A survey found that women's heights are normally distributed with mean 63.9 in and standard deviation 2.4in. A branch of the military requires women's heights to be between 58in and 80 in . Fund percentage of women who meets the height requirements

1 answer

To find the percentage of women who meet the height requirements of being between 58 inches and 80 inches, we can use the properties of the normal distribution.

Given:

  • Mean (μ) = 63.9 inches
  • Standard deviation (σ) = 2.4 inches

We will calculate the z-scores for both height requirements:

  1. For 58 inches: \[ z = \frac{(X - \mu)}{\sigma} \] \[ z_{58} = \frac{(58 - 63.9)}{2.4} = \frac{-5.9}{2.4} \approx -2.46 \]

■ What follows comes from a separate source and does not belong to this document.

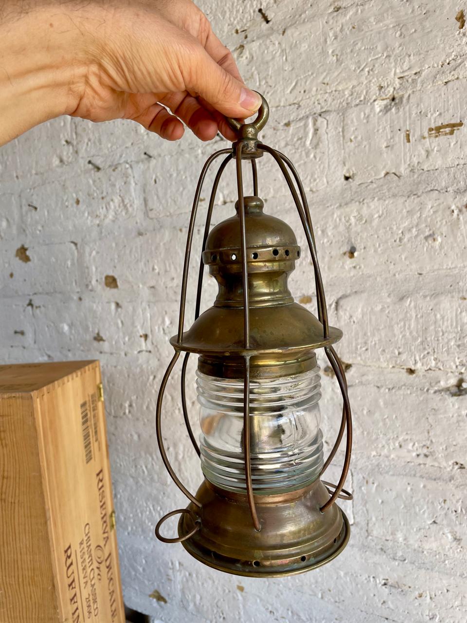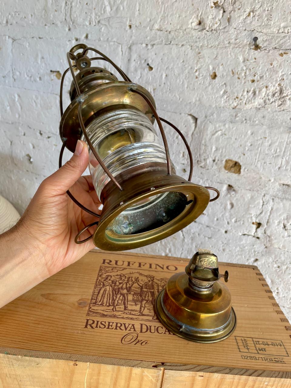 Farol náutico en bronce y vidrio de los años cuarenta, funciona con aceite y quemador de mecha, se encendia cuando el velero se anclaba para evitar choques con otras embarcaciones. Fabricado en los Estados Unidos en los años 40 para los veleros de las costas de la Florida. Se encuentra en buen estado con desgastes por el uso y el tiempo.

  2. For 80 inches: \[ z_{80} = \frac{(80 - 63.9)}{2.4} = \frac{16.1}{2.4} \approx 6.71 \]

Next, we can look up the z-scores in the standard normal distribution table or use a calculator or statistical software to find the corresponding probabilities.

  • For \( z = -2.46 \):

    • The probability is approximately \( P(Z < -2.46) \approx 0.0069 \) (or 0.69%).
  • For \( z = 6.71 \):

    • The probability is approximately \( P(Z < 6.71) \approx 1.0000 \) (or 100%). This is a very high z-score, indicating virtually all women fall below this height.

Now we find the percentage of women whose heights lie between 58 inches and 80 inches. This is computed as follows: \[ P(58 < X < 80) = P(X < 80) - P(X < 58) \] Since \( P(X < 80) \approx 1.0000 \) and \( P(X < 58) \approx 0.0069 \): \[ P(58 < X < 80) \approx 1.0000 - 0.0069 \approx 0.9931 \]

Thus, the percentage of women who meet the height requirements is: \[ 0.9931 \times 100 \approx 99.31% \]

Therefore, approximately 99.31% of women meet the military height requirements.